Mixed feelings among Cook Islanders after bubble announcement

By Jessica Tyson

The countdown is on for whānau wanting to reconnect with loved ones in the Cook Islands, and also for those who are ready to leave these shores for a tropical holiday.

Travellers between New Zealand and the Cook Islands will be able to move between countries from May 17 without having to quarantine as part of the new travel bubble.

But Arorangi resident Mānia Clarke-Mamanu says there a mixed feeling among locals about the bubble.

“The tourist sector and the government is obviously jumping up in joy. It’s so needed and then you’ve got some locals as well. There’s a mixture of uncertainty and they fear, to be honest, that possibly [CovidD-19] could come over with the influx of passengers from Aotearoa to Rarotonga and then other locals that are like ‘actually we’re happy not to have a whole lot of traffic on the road and to have the beaches to ourselves.”

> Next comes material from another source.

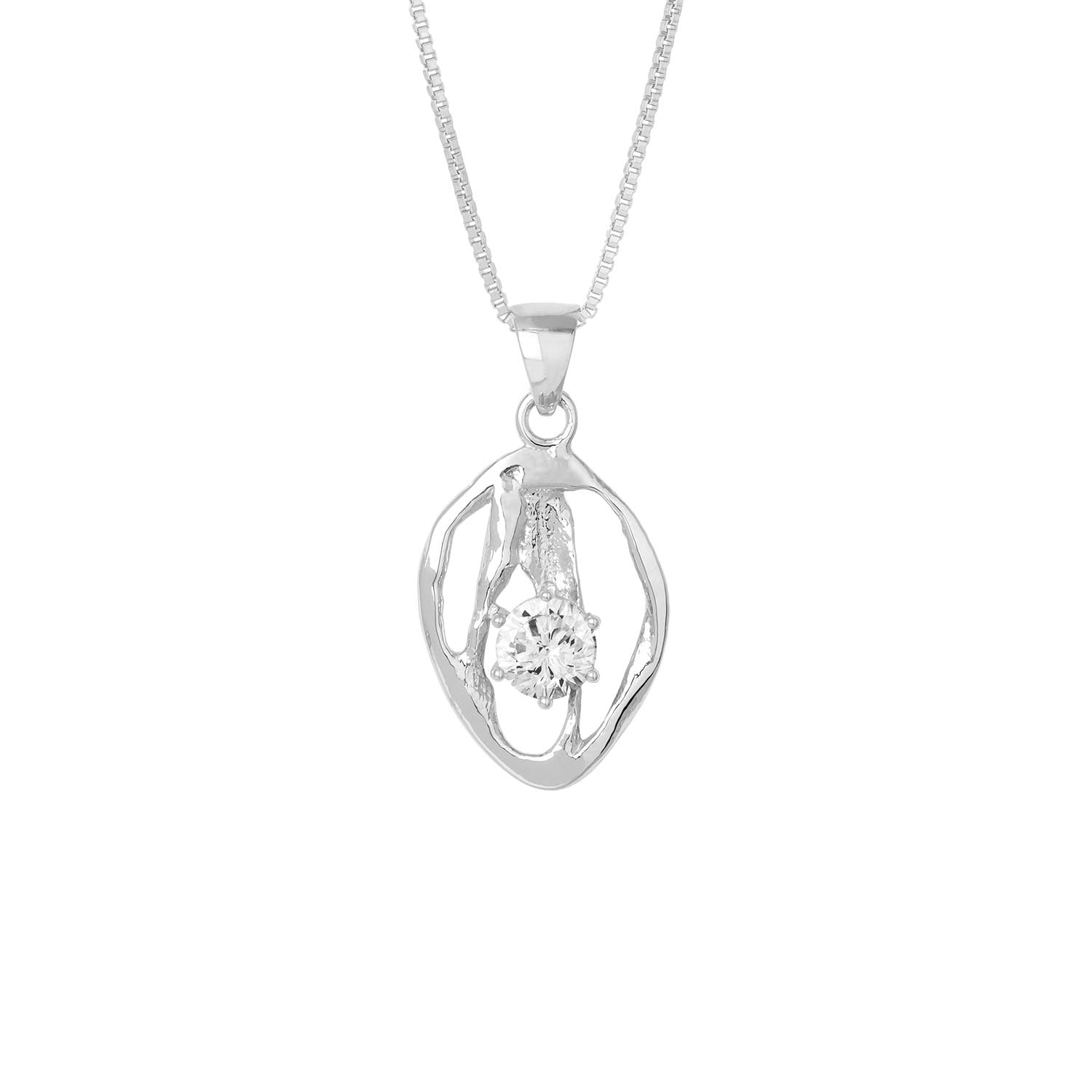 Hálsmenið er handsmíðað úr rhodiumhúðuðu silfri með cubic zirconia steini. Hæð mensins er um 21 mm. Hönnuður og smiður er Berglind Snorra.
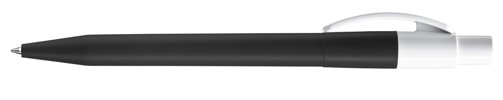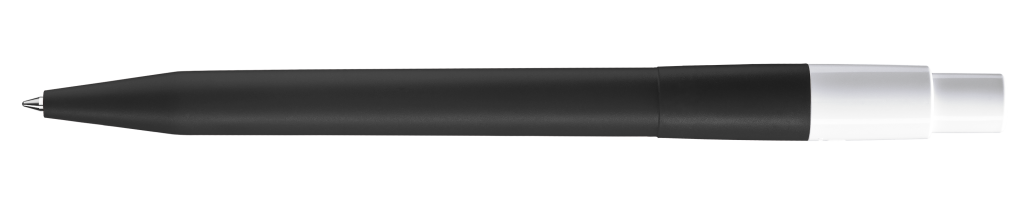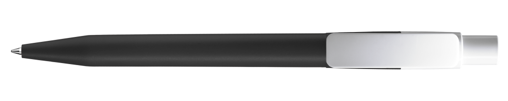 Druckkugelschreiber mit farbig mattem Gehäuse, glänzend weißem Bogenclip und Drücker.Druckbereich: Auf dem Clip 30mm x 7mm Tampondruck (T), in Clipverlängerung 50mm x 20mm Siebdruck (S), gegenüber vom Clip 60mm x 13mm Siebdruck (S), seitlich vom Clip 60mm x 13mm Siebdruck (S)

Clarke-Mamanu says New Zealand makes up over 60% of the tourism dollar in Rarotonga.

“So it’s a much-needed injection back into the economy and back into businesses.”

She says the health system in the Cook Islands is much more limited than in New Zealand.

"Having said that, they’re working at pace to get everything that they need ready, as much as can be done with resources training and methods and systems, so everyone knows what needs to happen should a Covid case appear here."

Prime Minister Jacinda Ardern says a huge amount of work has gone into ensuring the two-way bubble is safe and that the Cook Islands is set up and ready for it.

“The health and safety of the people of the Cook Islands has at all times been paramount. Vaccination, while not an answer on its own, will provide an added layer of protection once rolled out, and we continue to advance these plans alongside the Cook Islands,” Ardern says.

Cook Islands Prime Minister Mark Brown says his government has been working in close partnership with New Zealand.

“We are continuing to work through final details for the deployment of vaccines to the Cook Islands and expect to provide further details on the vaccine roll-out within the next week few weeks.”

As part of the bubble requirement, travellers will have to have been in either the Cook Islands or New Zealand for at least 14 days before travel. This means anyone wanting to travel between Australia and the Cook Islands would need to spend at least 14 days in New Zealand in the middle. From May 17 travellers in both directions will not have to enter managed quarantine facilities.

However, the start of the bubble is subject to a final set of criteria being met, including airline and airport preparedness, all necessary protocols and frameworks being in place, and final signoff from the New Zealand health director-general and the Cook Islands secretary of Te Marae Ora – Ministry of Health.